ANGST VOR MURDOCH: FEHLGESTEUERTE MEDIENPOLITIK
: Dilettierende Wildhüter

Wer ganz genau lauscht, der kann jetzt die letzten Körnchen durch die Sanduhr rieseln hören. Die Ära des Leo Kirch läuft aus. Mit dem Kollaps dieser Säule zerbricht auch endgültig das behagliche Quartett derer, die den deutschen Fernsehmarkt bisher so schön einvernehmlich unter sich aufgeteilt hatten. Die beiden öffentlich-rechtlichen Akteure ARD und ZDF, Bertelsmanns RTL – und Leo Kirchs Familie aus Sat.1, Pro 7 et cetera. Letztere wären nun nicht mehr in „nationaler Hand“, sondern dem finanziellen Kalkül und der betriebswirtschaftlichen Kompetenz zweier weltweit erfolgreicher Medienunternehmer ausgeliefert – Rupert Murdoch und Silvio Berlusconi.

Schon meldet sich die Dienstleistungsgewerkschaft Ver.di mit der Forderung, den Jobs der Kirch-Mitarbeiter müsse „höchste Priorität eingeräumt werden“. Schon fürchtet die SPD den Einfluss aggressiver ausländischer Unternehmer. Nun lag auch Leo Kirch, einem aggressiv auftretenden einheimischen Unternehmer, nichts ferner als die Sorge um die Jobs seiner Mitarbeiter.
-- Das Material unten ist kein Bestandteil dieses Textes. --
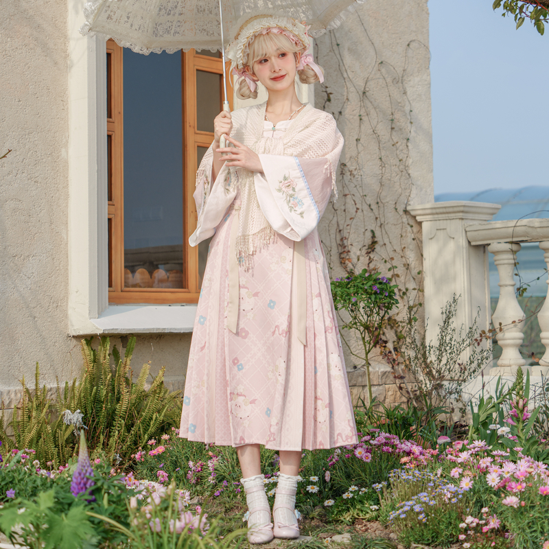 森女部落原创小羊印花粉色马面裙八分甜妹少女汉洋折衷叠穿半身裙
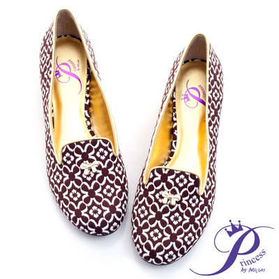 Princess-華麗印象-繡花印漾金屬蝴蝶結樂福鞋~復古咖
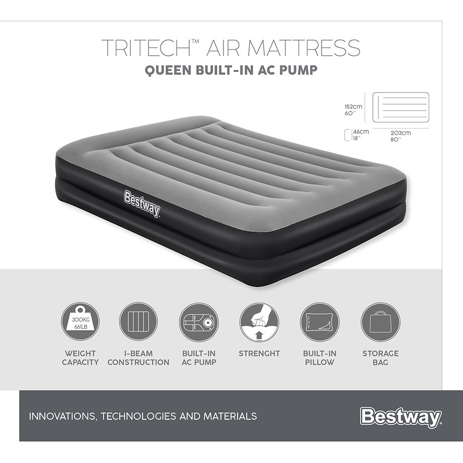 Bestway 2.03m x 1.52m x 46cm Tritech Air Mattress Queen Built-in AC pump
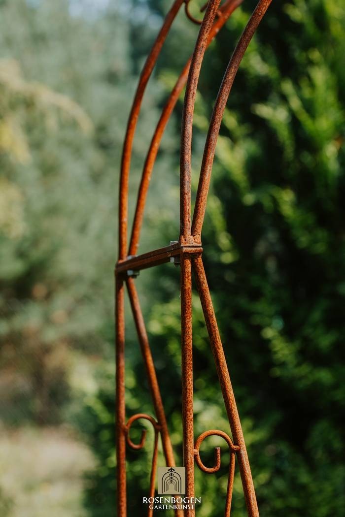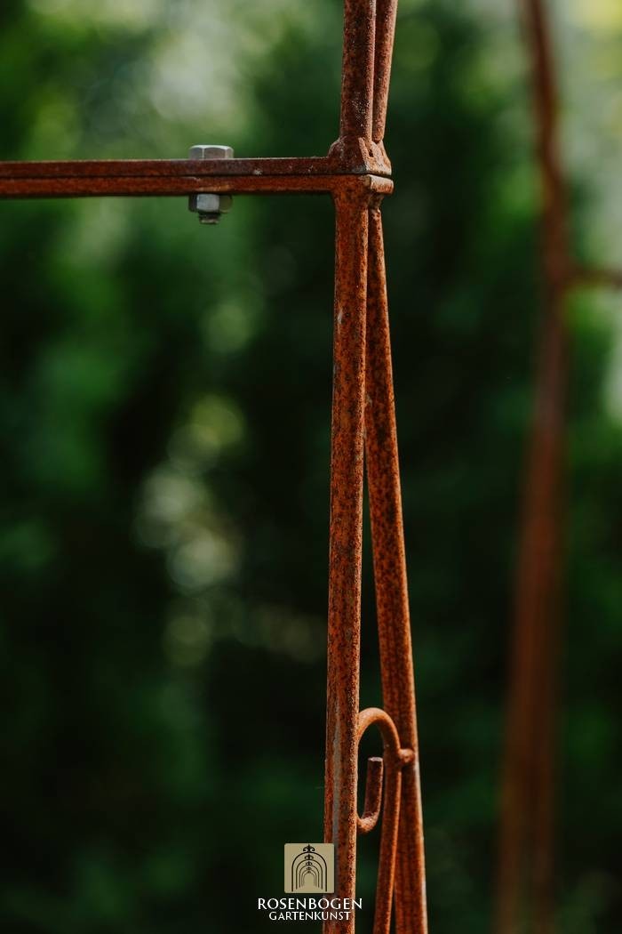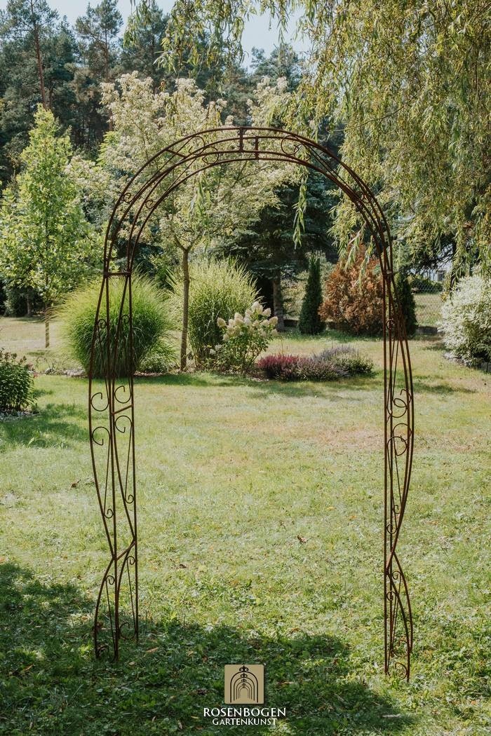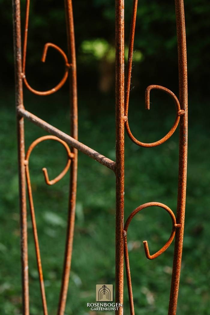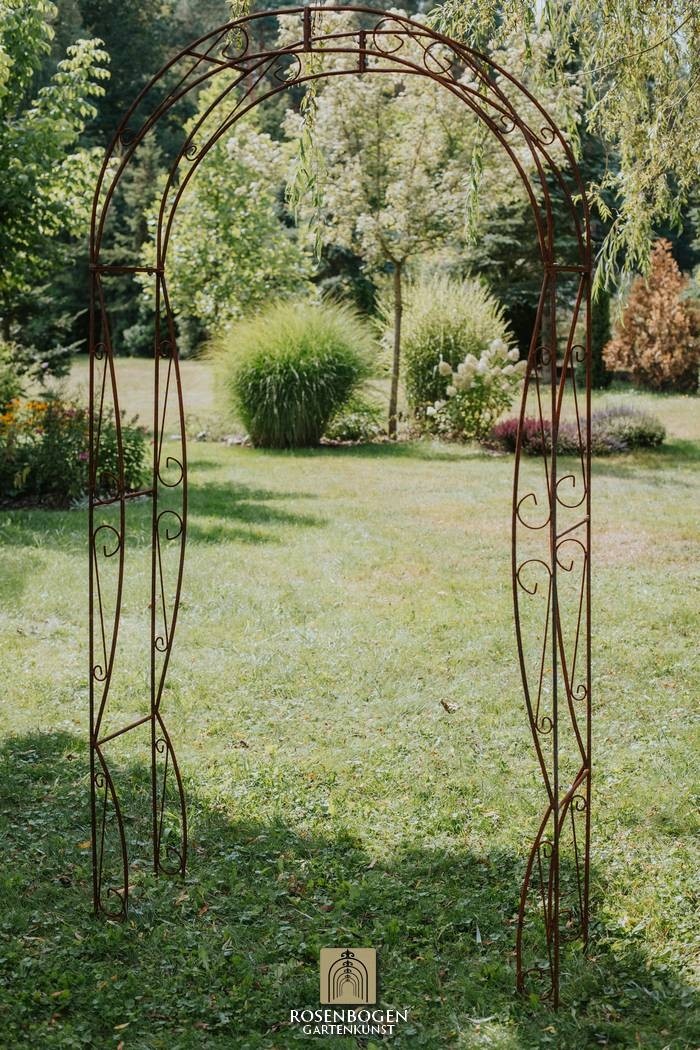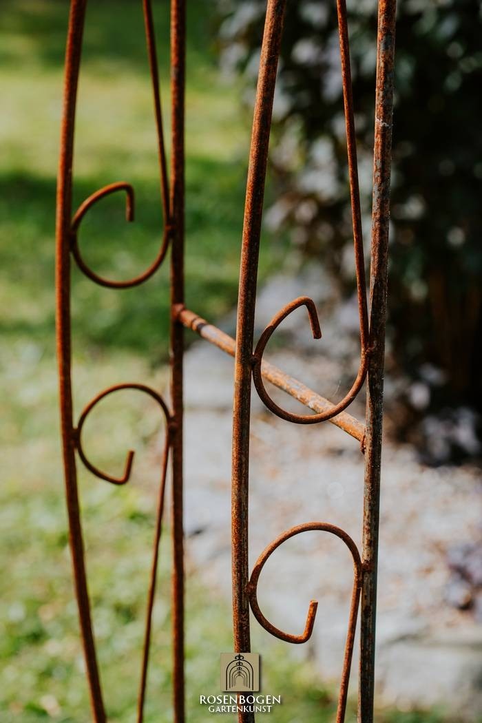 Vår handgjorda rosenbåge NINA i massivt järn kombinerar kvalitet och elegans på högsta nivå. Den är både robust och väderbeständig, vilket gör den till det perfekta stödet för klätterrosor och andra klätterväxter, samtidigt som den skapar en dekorativ höjdpunkt i din trädgård.
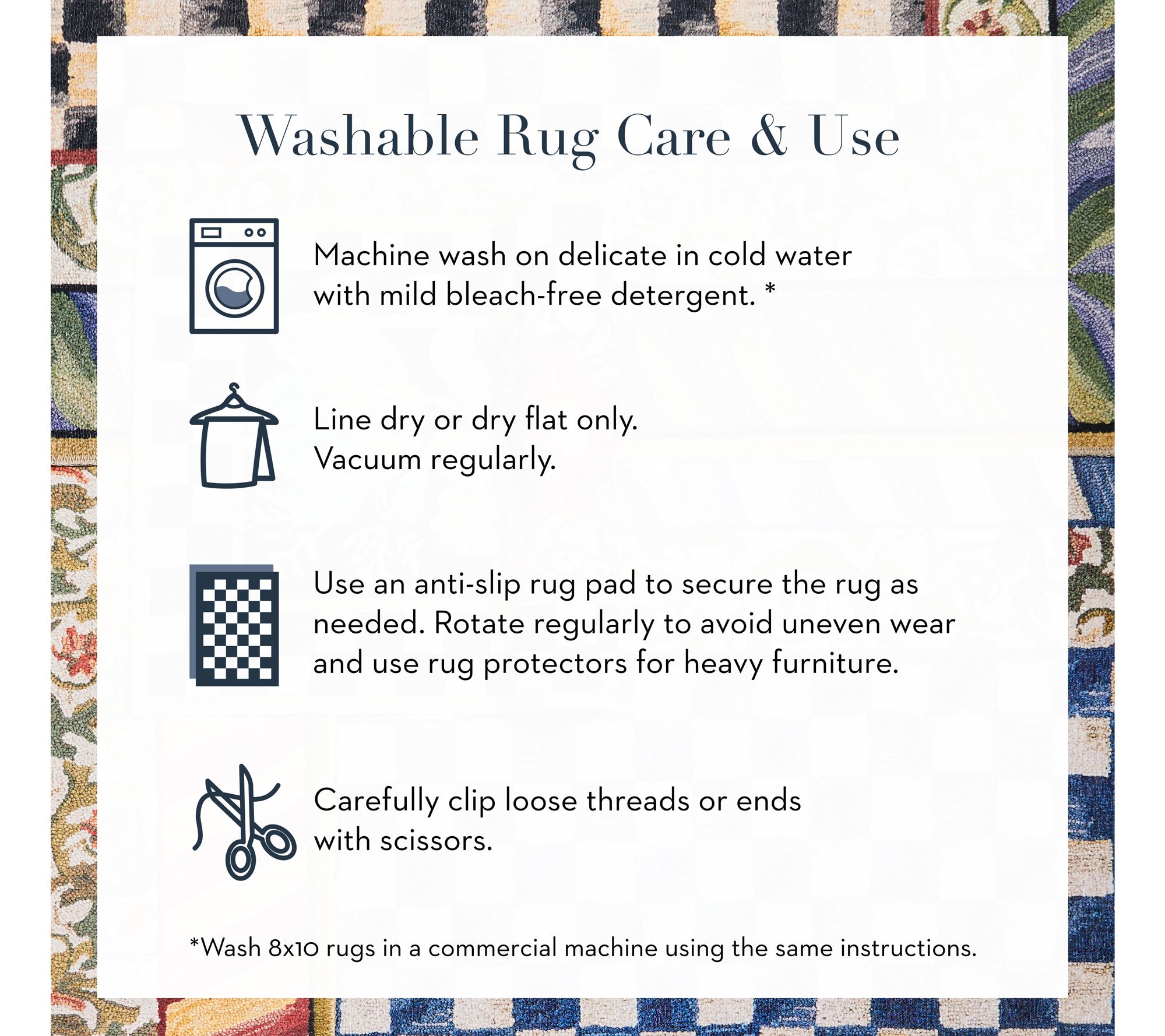 Effortlessly elevate your hallway or living space with the chic design of this snow leopard washable rug. Combining wild patterns with the classic charm of a check border, it adds a bold statement to any room. From MacKenzie-Childs.

Brachial auftreten wird nun der multinationale Medienmogul Murdoch, etwas diskreter agieren muss der italienische Medienministerpräsident. Beide profitieren sie von einem medienpolitischen Milieu, das in Bayern etwa über die Landesbank einen kranken Kirch-Konzern so lange gepäppelt hat, dass es jetzt überhaupt noch etwas zu holen gibt; von einem Milieu, das konsequent Medien- mit Personal- und Standortpolitik verwechselt hat. Mit dem Ergebnis, dass von allen Privaten in Deutschland nur RTL, Kabel 1 und Pro 7 schwarze Zahlen schreiben – alle anderen leben davon, dass der Markt bisher umzäunt war wie ein Reservat.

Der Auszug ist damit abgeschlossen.